(Goal of the exercise)
Below, some lines carry pictures; leave those pictures out and retype exactly the lines from the one with "Niedervolt-LED-Reflektorlampen AR111 mit" through the one with "通过设计分级非均质结构实现了".

(Information shown)
^^^^^^^^

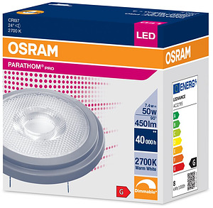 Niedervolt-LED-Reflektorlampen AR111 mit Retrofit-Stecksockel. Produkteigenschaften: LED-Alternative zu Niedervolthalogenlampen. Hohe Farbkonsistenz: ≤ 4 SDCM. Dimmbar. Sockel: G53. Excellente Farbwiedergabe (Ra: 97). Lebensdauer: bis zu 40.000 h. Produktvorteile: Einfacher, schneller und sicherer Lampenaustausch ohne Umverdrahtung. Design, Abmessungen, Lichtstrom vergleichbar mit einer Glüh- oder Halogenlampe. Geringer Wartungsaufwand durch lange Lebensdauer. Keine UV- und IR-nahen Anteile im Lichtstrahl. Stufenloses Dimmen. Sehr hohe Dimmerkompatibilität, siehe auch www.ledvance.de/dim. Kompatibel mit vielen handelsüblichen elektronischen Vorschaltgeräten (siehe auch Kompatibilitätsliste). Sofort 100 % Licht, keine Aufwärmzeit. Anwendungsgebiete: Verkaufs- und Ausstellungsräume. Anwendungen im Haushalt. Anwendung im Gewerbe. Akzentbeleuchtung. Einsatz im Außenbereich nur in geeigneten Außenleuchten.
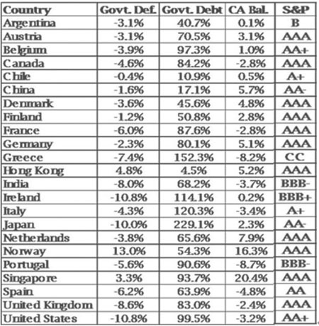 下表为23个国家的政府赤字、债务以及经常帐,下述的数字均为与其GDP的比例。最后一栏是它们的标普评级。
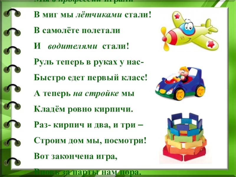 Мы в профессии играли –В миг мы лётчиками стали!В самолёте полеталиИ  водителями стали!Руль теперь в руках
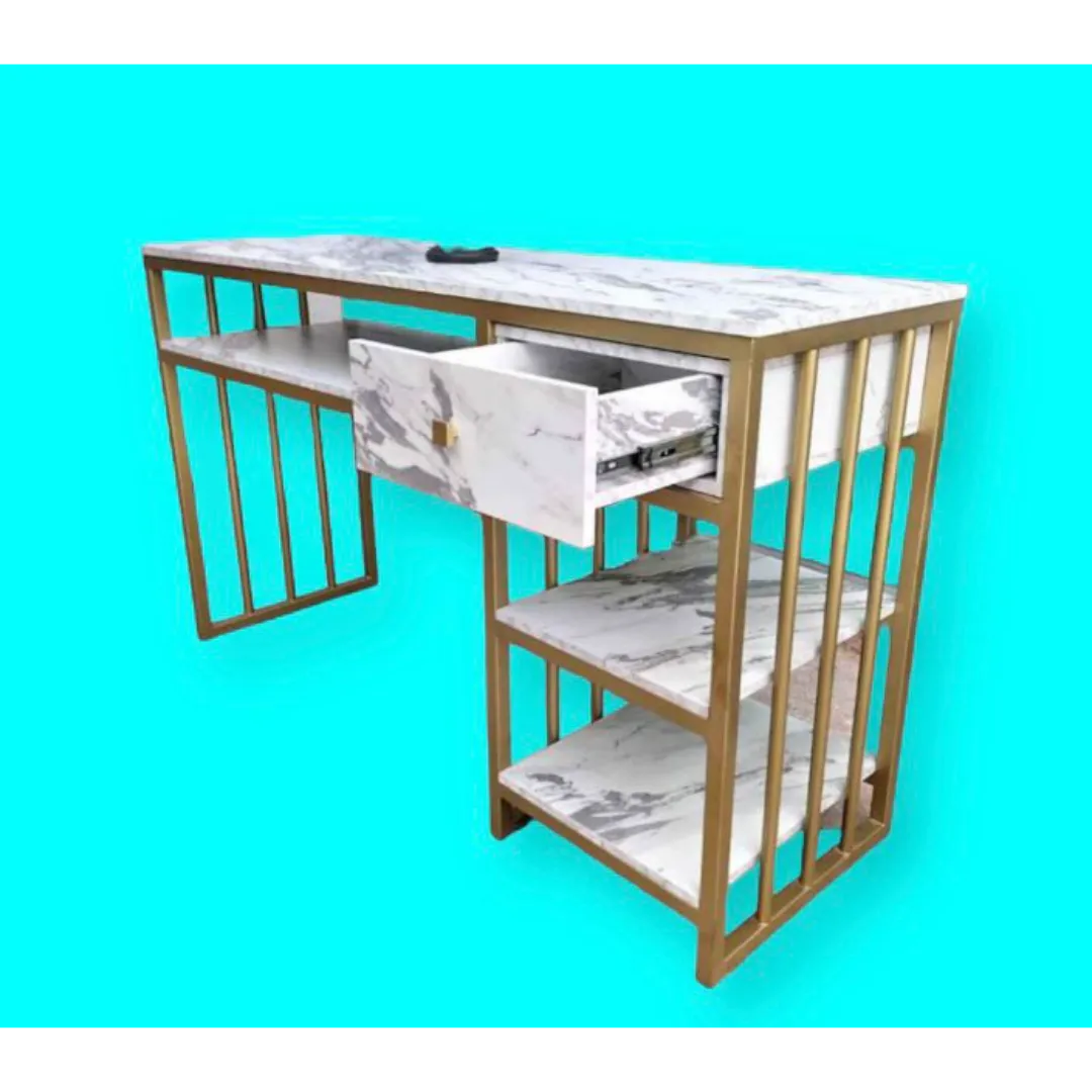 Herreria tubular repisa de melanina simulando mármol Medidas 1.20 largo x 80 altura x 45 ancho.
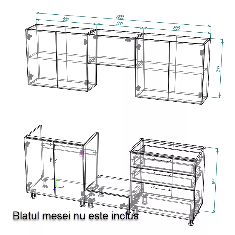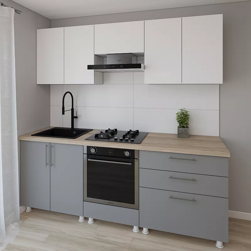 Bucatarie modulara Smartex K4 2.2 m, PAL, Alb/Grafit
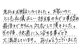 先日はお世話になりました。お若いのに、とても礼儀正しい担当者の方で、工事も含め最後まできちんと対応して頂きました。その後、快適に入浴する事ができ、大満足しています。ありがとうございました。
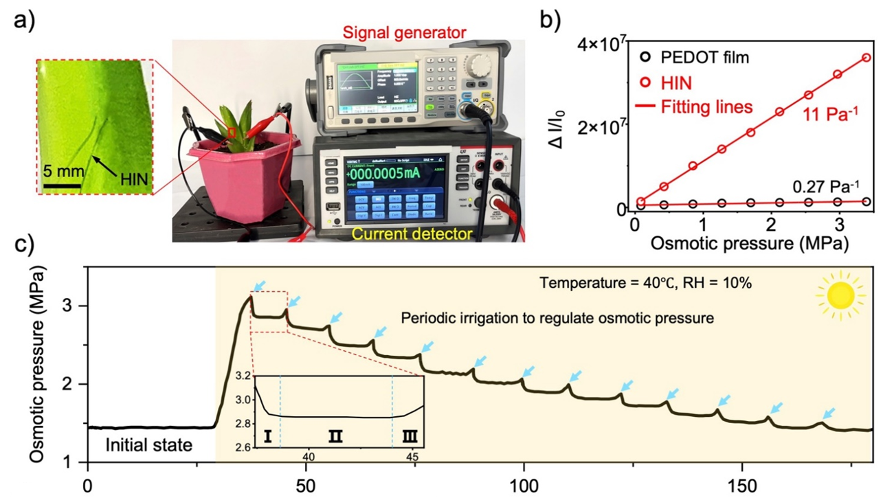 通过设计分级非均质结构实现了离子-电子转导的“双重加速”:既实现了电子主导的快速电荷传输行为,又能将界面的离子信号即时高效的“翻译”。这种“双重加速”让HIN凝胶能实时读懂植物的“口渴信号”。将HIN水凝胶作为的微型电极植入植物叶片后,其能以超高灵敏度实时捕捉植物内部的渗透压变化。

^^^^^^^^

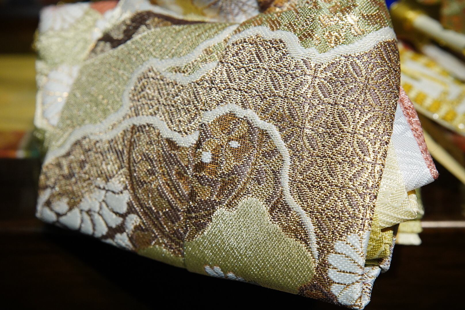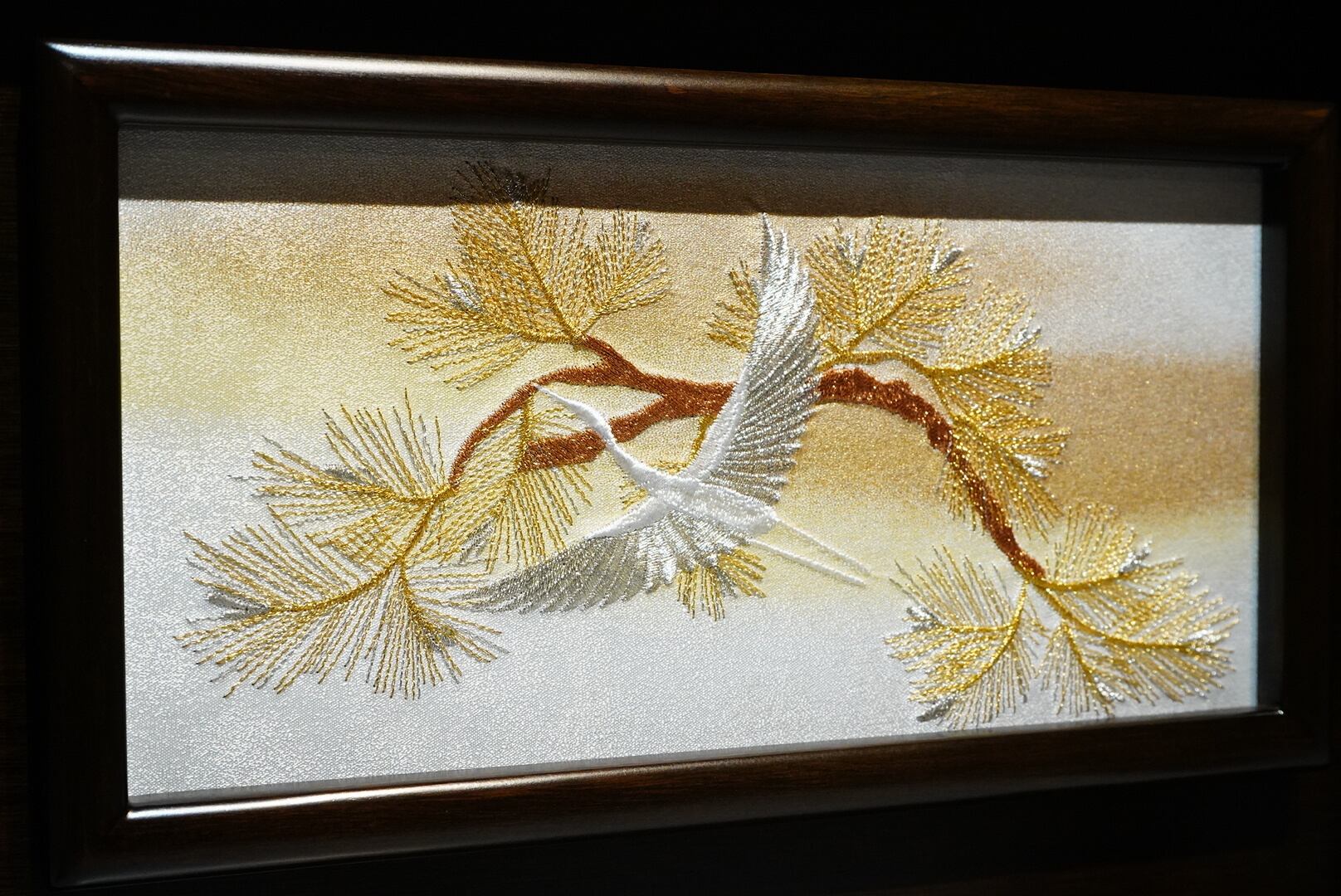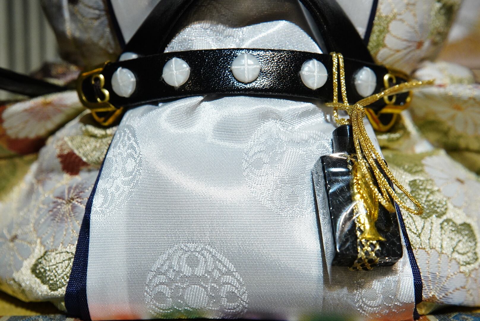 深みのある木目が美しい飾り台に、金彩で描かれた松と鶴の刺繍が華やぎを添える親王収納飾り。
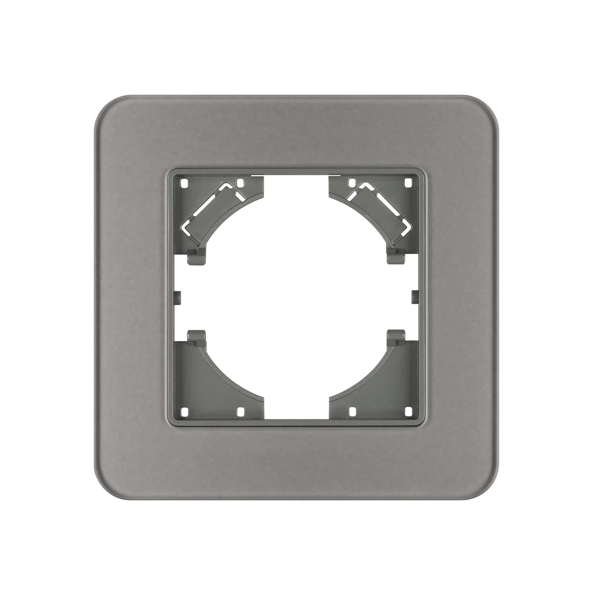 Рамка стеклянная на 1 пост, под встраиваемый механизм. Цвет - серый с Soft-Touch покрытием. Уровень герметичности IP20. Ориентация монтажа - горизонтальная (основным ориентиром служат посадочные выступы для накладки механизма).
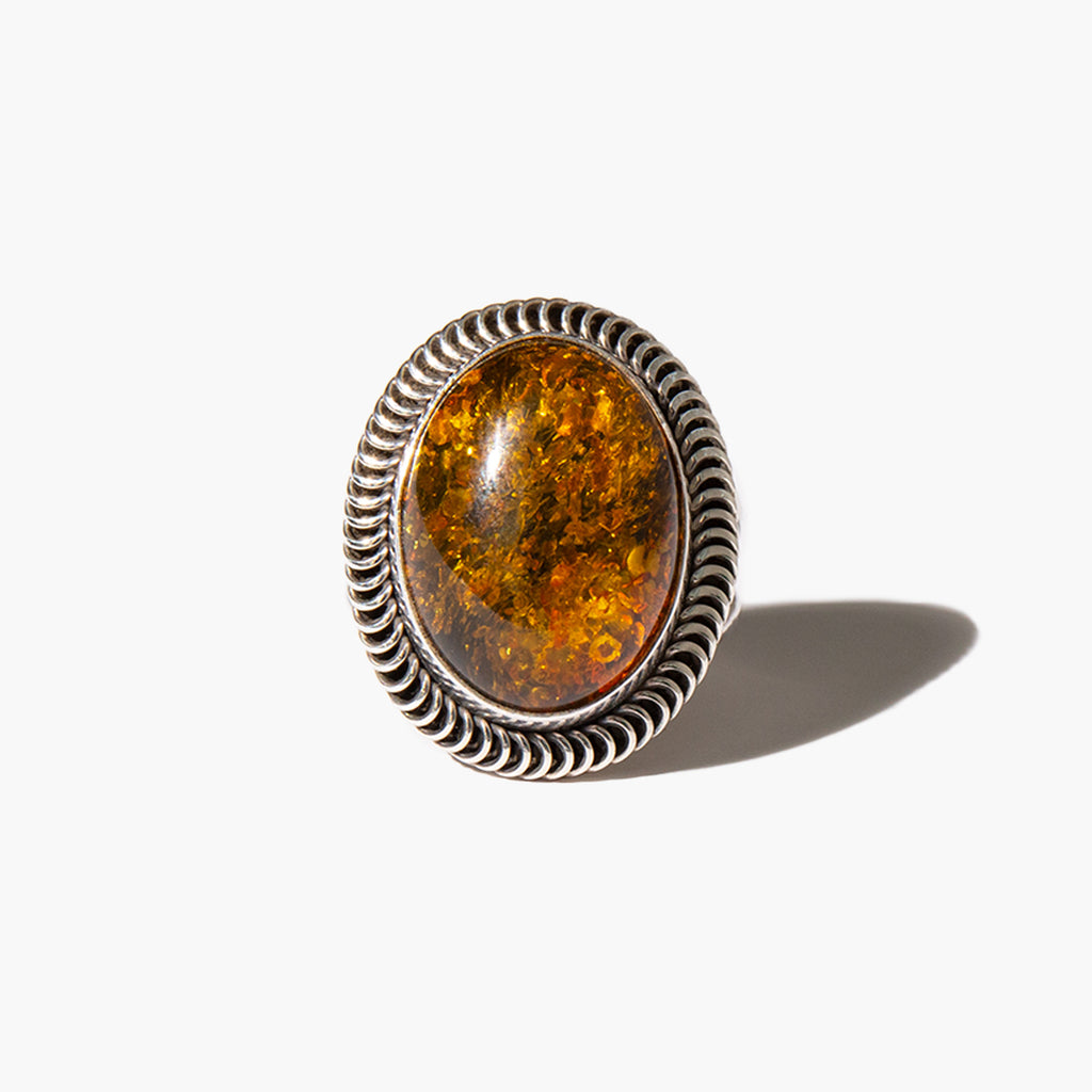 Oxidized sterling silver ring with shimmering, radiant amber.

^^^^^^^^

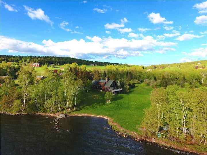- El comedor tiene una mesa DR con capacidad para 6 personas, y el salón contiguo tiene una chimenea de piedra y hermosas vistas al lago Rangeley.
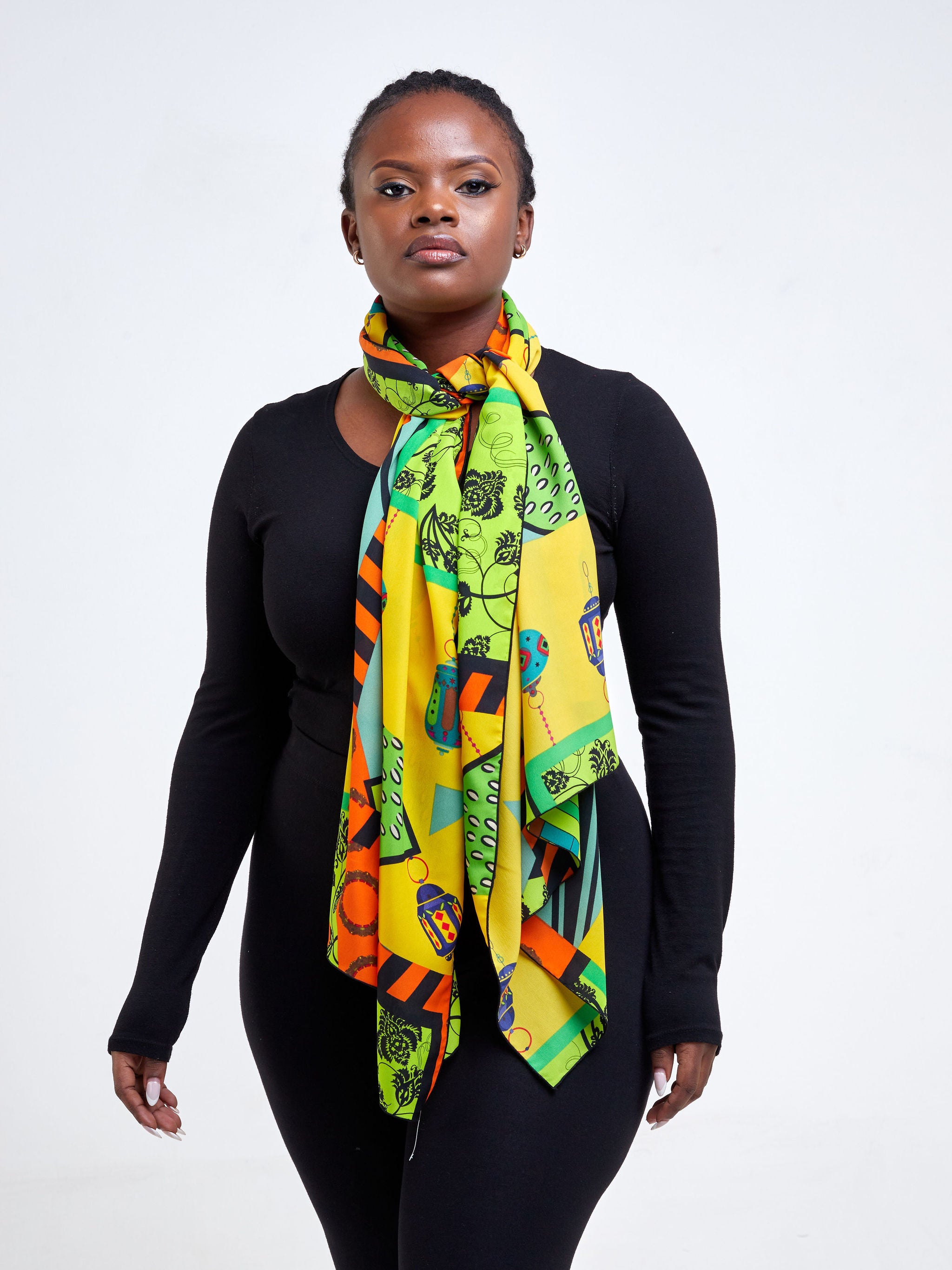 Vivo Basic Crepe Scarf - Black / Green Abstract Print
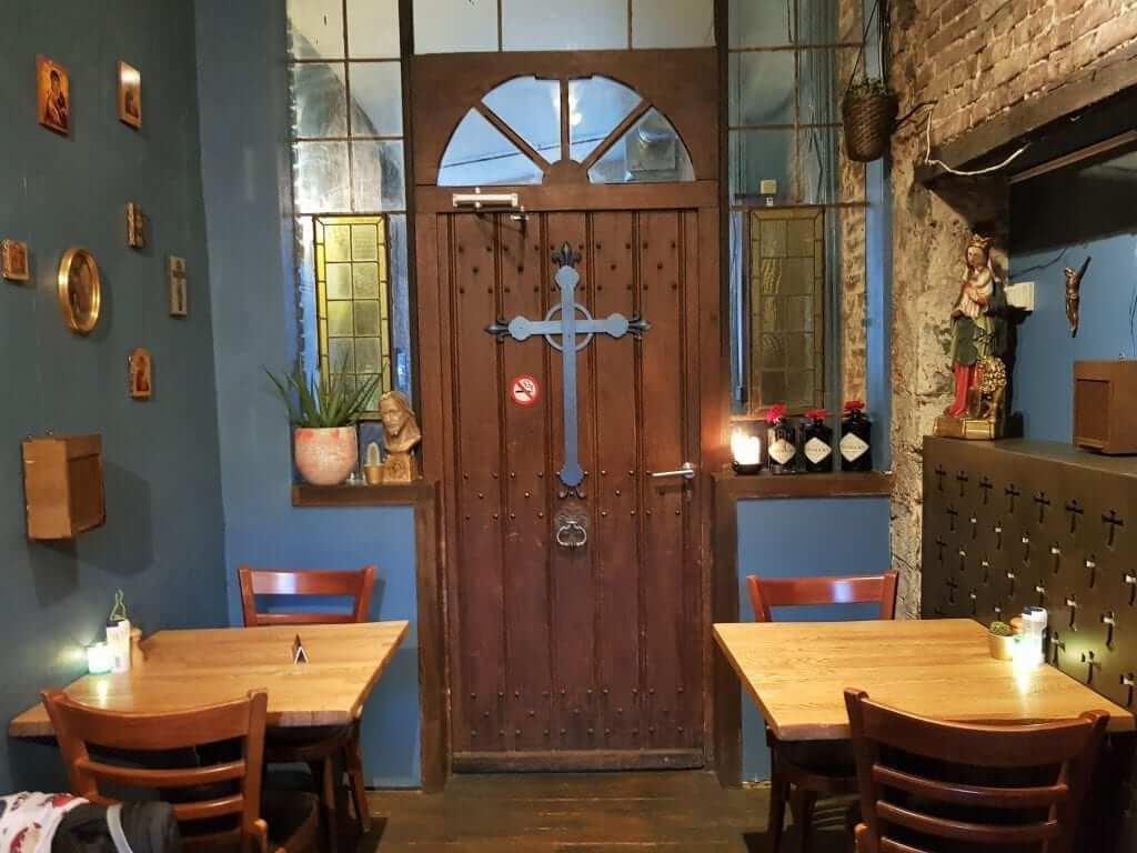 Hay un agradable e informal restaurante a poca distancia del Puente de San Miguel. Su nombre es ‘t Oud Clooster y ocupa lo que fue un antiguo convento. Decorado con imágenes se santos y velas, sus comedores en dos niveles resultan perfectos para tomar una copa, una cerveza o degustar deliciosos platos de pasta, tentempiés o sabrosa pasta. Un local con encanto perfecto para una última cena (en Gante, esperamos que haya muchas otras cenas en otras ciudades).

^^^^^^^^

(Result)
 Niedervolt-LED-Reflektorlampen AR111 mit Retrofit-Stecksockel. Produkteigenschaften: LED-Alternative zu Niedervolthalogenlampen. Hohe Farbkonsistenz: ≤ 4 SDCM. Dimmbar. Sockel: G53. Excellente Farbwiedergabe (Ra: 97). Lebensdauer: bis zu 40.000 h. Produktvorteile: Einfacher, schneller und sicherer Lampenaustausch ohne Umverdrahtung. Design, Abmessungen, Lichtstrom vergleichbar mit einer Glüh- oder Halogenlampe. Geringer Wartungsaufwand durch lange Lebensdauer. Keine UV- und IR-nahen Anteile im Lichtstrahl. Stufenloses Dimmen. Sehr hohe Dimmerkompatibilität, siehe auch www.ledvance.de/dim. Kompatibel mit vielen handelsüblichen elektronischen Vorschaltgeräten (siehe auch Kompatibilitätsliste). Sofort 100 % Licht, keine Aufwärmzeit. Anwendungsgebiete: Verkaufs- und Ausstellungsräume. Anwendungen im Haushalt. Anwendung im Gewerbe. Akzentbeleuchtung. Einsatz im Außenbereich nur in geeigneten Außenleuchten.
 下表为23个国家的政府赤字、债务以及经常帐,下述的数字均为与其GDP的比例。最后一栏是它们的标普评级。
 Мы в профессии играли –В миг мы лётчиками стали!В самолёте полеталиИ  водителями стали!Руль теперь в руках
 Herreria tubular repisa de melanina simulando mármol Medidas 1.20 largo x 80 altura x 45 ancho.
 Bucatarie modulara Smartex K4 2.2 m, PAL, Alb/Grafit
 先日はお世話になりました。お若いのに、とても礼儀正しい担当者の方で、工事も含め最後まできちんと対応して頂きました。その後、快適に入浴する事ができ、大満足しています。ありがとうございました。
 通过设计分级非均质结构实现了离子-电子转导的“双重加速”:既实现了电子主导的快速电荷传输行为,又能将界面的离子信号即时高效的“翻译”。这种“双重加速”让HIN凝胶能实时读懂植物的“口渴信号”。将HIN水凝胶作为的微型电极植入植物叶片后,其能以超高灵敏度实时捕捉植物内部的渗透压变化。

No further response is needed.